**** Supplied data ****
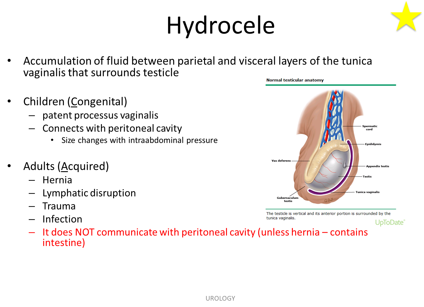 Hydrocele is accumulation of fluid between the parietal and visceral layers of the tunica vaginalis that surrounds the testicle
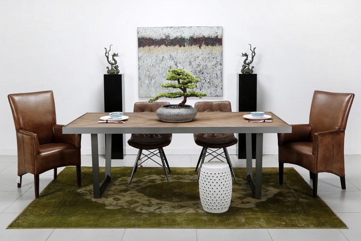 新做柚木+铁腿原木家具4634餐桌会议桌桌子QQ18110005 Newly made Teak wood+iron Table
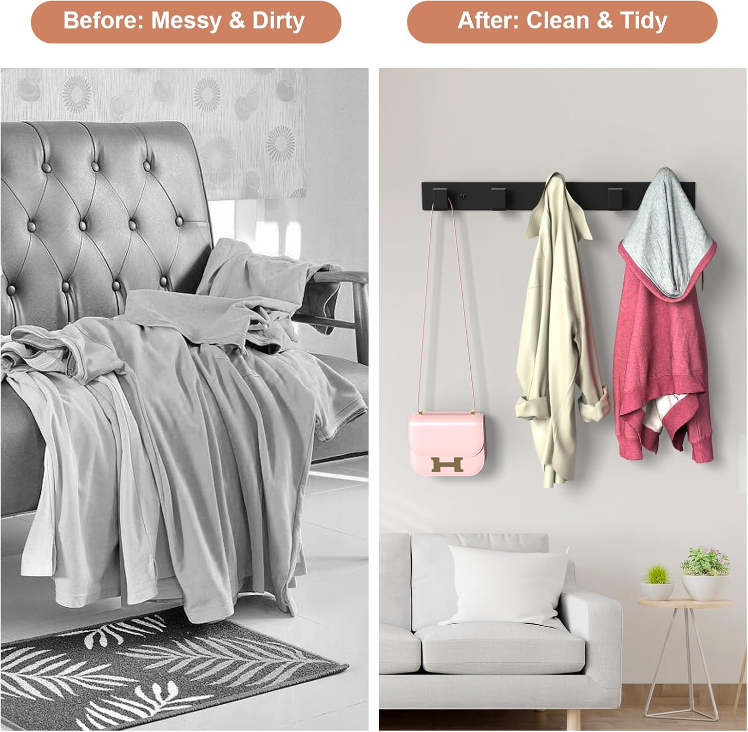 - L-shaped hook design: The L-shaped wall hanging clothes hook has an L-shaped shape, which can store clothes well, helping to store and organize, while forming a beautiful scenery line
****
**** Supplied data ****
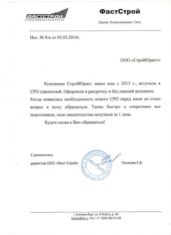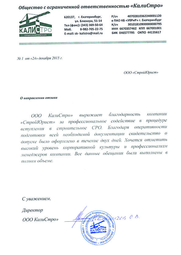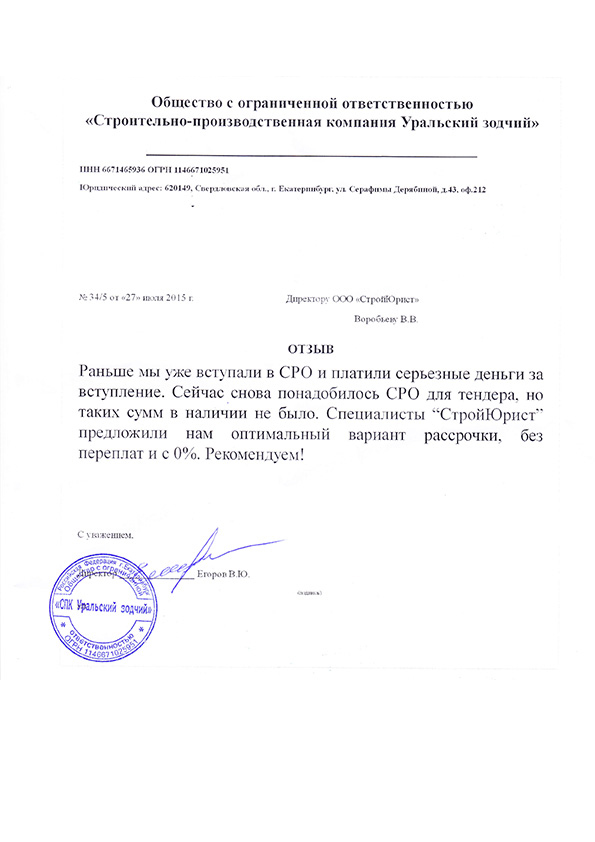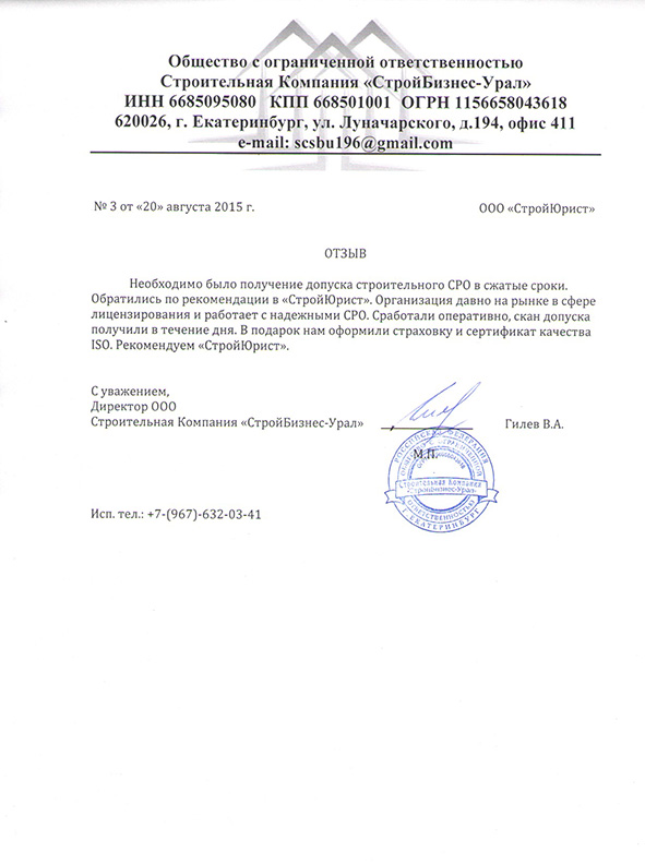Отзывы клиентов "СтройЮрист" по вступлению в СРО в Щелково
****
_About this task_
Pictures aside, return exactly the lines from the data above, starting at the line that has "Hydrocele is accumulation" and ending at the line that has "- L-shaped hook", both included.

_Written answer_
 Hydrocele is accumulation of fluid between the parietal and visceral layers of the tunica vaginalis that surrounds the testicle
 新做柚木+铁腿原木家具4634餐桌会议桌桌子QQ18110005 Newly made Teak wood+iron Table
 - L-shaped hook design: The L-shaped wall hanging clothes hook has an L-shaped shape, which can store clothes well, helping to store and organize, while forming a beautiful scenery line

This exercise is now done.